La portée du geste dépasse donc la seule relation
entre Nigérians et Sud-Africains. En parlant également des autres
ressortissants africains victimes de violences, Abuja cherche à inscrire son
offensive dans le débat plus large sur l’afrophobie et la protection des
communautés étrangères sur le continent.
Cette dimension n’est pas anodine. Le Nigéria,
première puissance démographique d’Afrique, et l’Afrique du Sud, première
économie industrielle du continent et puissance politique majeure,
entretiennent des relations qui dépassent largement leurs échanges bilatéraux.
Leur coopération touche notamment la diplomatie, le commerce, les
investissements et les institutions panafricaines.
Pas de rupture diplomatique avec Pretoria
Abuja prend néanmoins soin de ne pas franchir le
Rubicon diplomatique.
Le Parlement précise explicitement que sa
décision ne remet pas en cause les relations historiques entre les deux pays,
ni leurs liens diplomatiques et humains. La coopération parlementaire est
suspendue, mais les relations entre les deux États ne sont pas rompues.

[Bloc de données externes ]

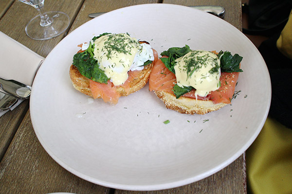 Norwegian Eggs 其實就是夾著煙燻鮭魚的班尼迪克蛋 (Egg Benedict),以現烤英式馬芬 (English Muffin) 為底,上面依序擺放了煙燻鮭魚、青菜、水波蛋(Poached Eggs) 以及荷蘭醬 (Hollandaise Sauce),最後再撒上乾燥的巴西利(Parsley),就是一道色香味俱全的班尼迪克蛋。煙燻鮭魚的質地細嫩,味道新鮮,水波蛋黃也夠溏心,荷蘭醬渾然天成,奶味濃郁卻不膩味,實為點睛之處。
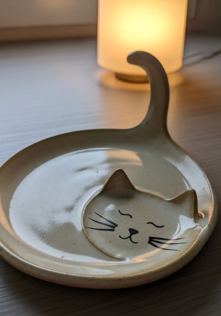 I adore how subtle details like the curled tail give the whole piece personality. The form starts with a simple round dish, so it feels approachable for beginners. It always looks lovely in soft natural light, especially with gold jewelry on top.
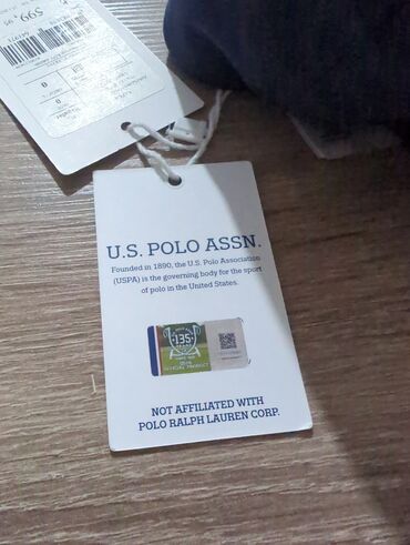 - Brend etiketləri: US Polo Assn. rəsmi məhsul nişanı və məlumat kartı, QR/holoqram stikeri
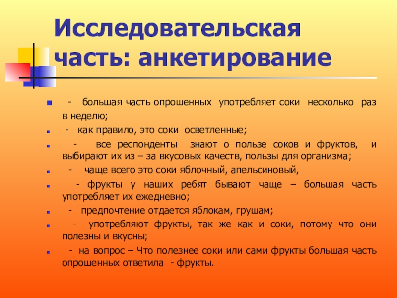 Провести социологическое исследование среди обучающихся школы об употреблении соков и фруктов.
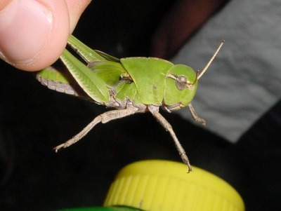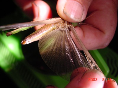 【左】トノサマかクルマかを判定するために羽根を広げてみました。トノサマバッタです。
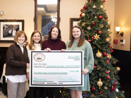 Event organizers, Vanderbilt Bill Wilkerson Center staff and special guests gathered recently to celebrate the success of this year’s Christmas Village. Christmas Village is one of the oldest charitable events in Nashville and is organized by volunteers from the Nashville Pi Beta Phi Alumnae Club. This year’s event raised $487,200. The proceeds support special hearing and speech programs at the Vanderbilt Bill Wilkerson Center and patients recovering from traumatic brain injury at the Vanderbilt Pi Beta Phi Rehabilitation Institute. Next year’s 63rd annual Christmas Village will be held November 15-17, 2024, at The Fairgrounds Nashville.

Cette nuance est essentielle. Le geste relève
davantage de la pression politique et institutionnelle que d’une volonté de
confrontation diplomatique ouverte.
Le Parlement nigérian affirme d’ailleurs que la
diplomatie parlementaire et la coopération interinstitutionnelle restent
importantes. Mais celles-ci doivent, selon lui, reposer sur le respect mutuel
et sur un engagement commun en faveur de la protection de la vie, des biens et
des activités économiques légales.
La balle est désormais dans le camp sud-africain.

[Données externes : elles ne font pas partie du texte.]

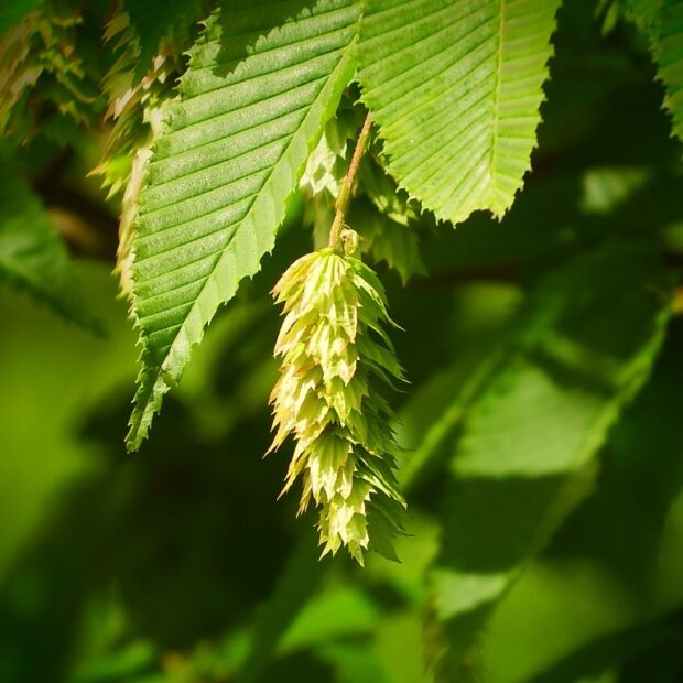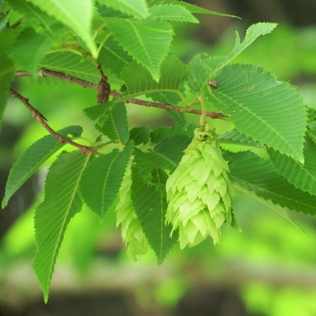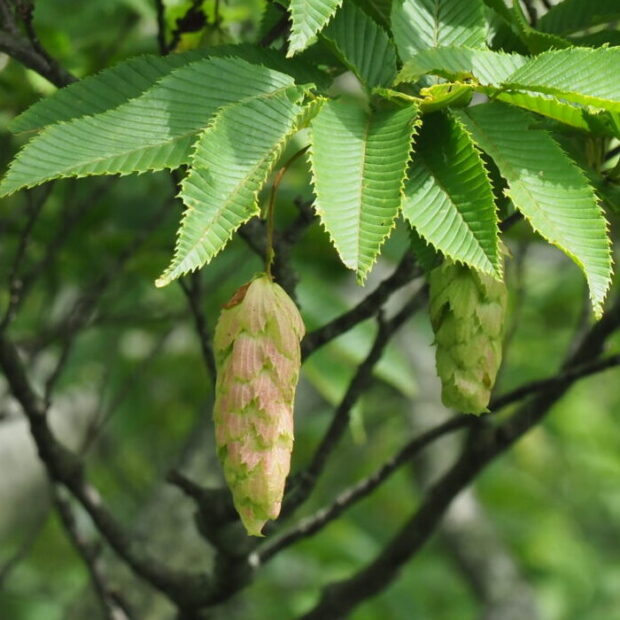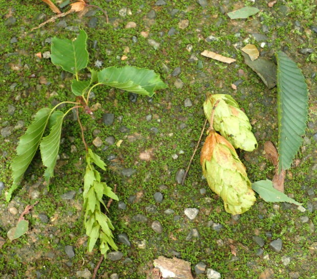 クマシデはクマのように大ぶりな葉と実を付けるためクマシデと呼ばれます。 太くて大きな果苞(かほう : 羽がついた実の集まり)が鈴なりぶら下がる様子はとても目立ちます。 日本固有種です。

En conditionnant implicitement la reprise de la coopération parlementaire à une
amélioration de la situation des ressortissants africains, Abuja donne à
Pretoria un signal qui dépasse le simple registre symbolique.
Le Parlement nigérian a par ailleurs appelé les
assemblées des États fédérés à prendre acte de cette décision et à envisager
des mesures similaires.
Pour l’heure, la suspension est maintenue jusqu’à
nouvel ordre. Elle pourra être réexaminée par les dirigeants de l’Assemblée
nationale en fonction de l’évolution de la situation.
Une chose est toutefois acquise : face aux
violences xénophobes, le Nigéria vient de transformer son indignation en outil
de pression institutionnelle. Et dans une relation entre deux poids lourds du
continent, ce n’est pas un signal que Pretoria pourra facilement ignorer.